SOURCE DATA:
○ ○ ○ ○
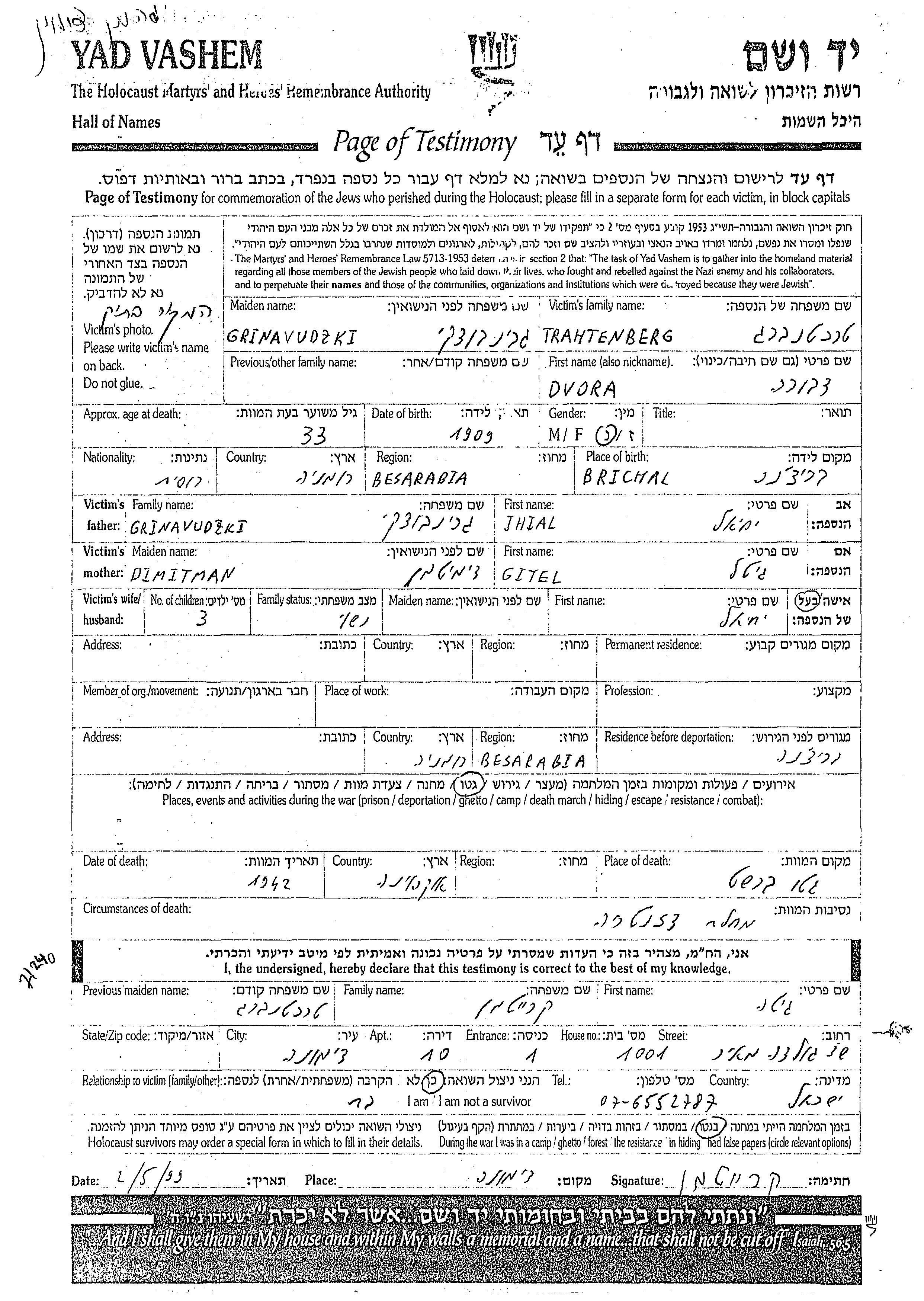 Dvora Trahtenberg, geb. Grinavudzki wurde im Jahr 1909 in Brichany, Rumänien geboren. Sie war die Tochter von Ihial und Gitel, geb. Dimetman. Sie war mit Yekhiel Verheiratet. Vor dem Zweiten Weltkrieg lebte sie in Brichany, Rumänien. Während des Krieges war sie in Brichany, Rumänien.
○ ○ ○ ○
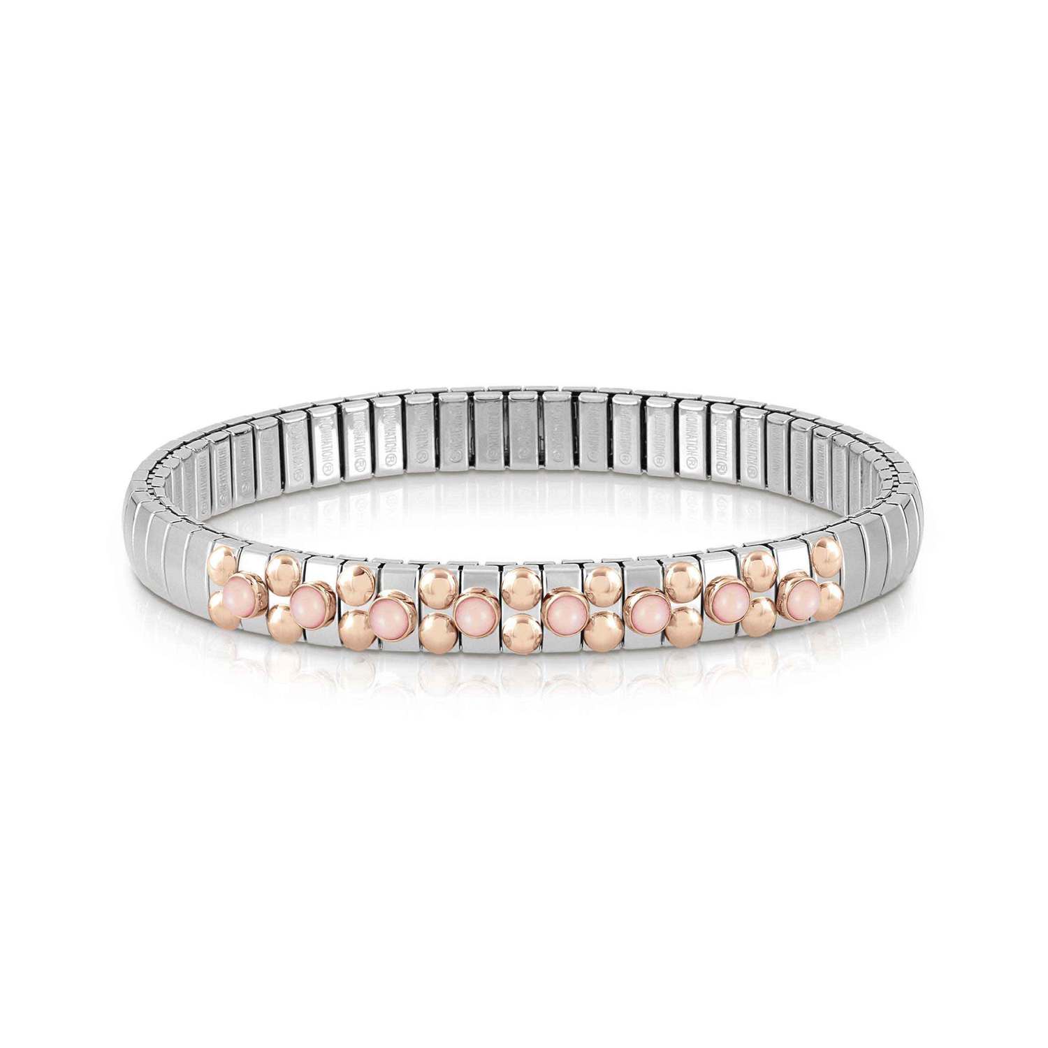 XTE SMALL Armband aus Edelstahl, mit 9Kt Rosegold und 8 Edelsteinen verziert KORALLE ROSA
○ ○ ○ ○
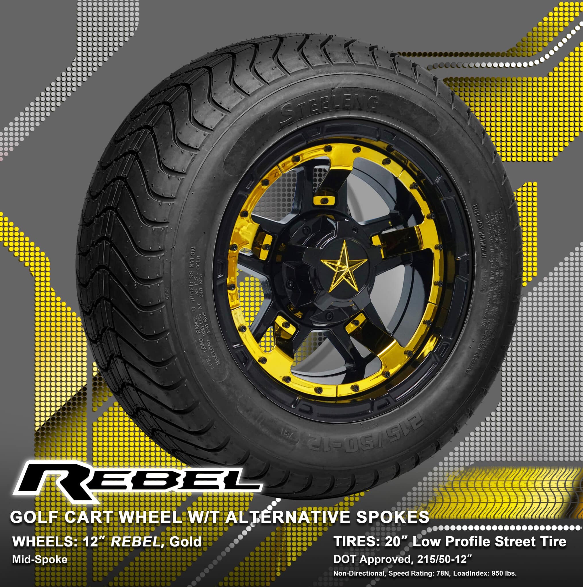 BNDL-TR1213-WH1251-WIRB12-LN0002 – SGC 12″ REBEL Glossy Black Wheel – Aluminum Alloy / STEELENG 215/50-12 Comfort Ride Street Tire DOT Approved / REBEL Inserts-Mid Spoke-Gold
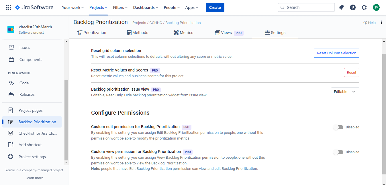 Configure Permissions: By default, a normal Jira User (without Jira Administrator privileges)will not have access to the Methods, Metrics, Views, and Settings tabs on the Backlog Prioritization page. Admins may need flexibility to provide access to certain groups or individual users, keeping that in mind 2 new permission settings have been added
○ ○ ○ ○
REQUIREMENT: In the data above, the stretch from the line with "BNDL-TR1213-WH1251-WIRB12-LN0002 – SGC" through the line with "Configure Permissions: By" is to be returned exactly, minus any pictures.

RESPONSE FOR THIS EXERCISE:
 BNDL-TR1213-WH1251-WIRB12-LN0002 – SGC 12″ REBEL Glossy Black Wheel – Aluminum Alloy / STEELENG 215/50-12 Comfort Ride Street Tire DOT Approved / REBEL Inserts-Mid Spoke-Gold
 Configure Permissions: By default, a normal Jira User (without Jira Administrator privileges)will not have access to the Methods, Metrics, Views, and Settings tabs on the Backlog Prioritization page. Admins may need flexibility to provide access to certain groups or individual users, keeping that in mind 2 new permission settings have been added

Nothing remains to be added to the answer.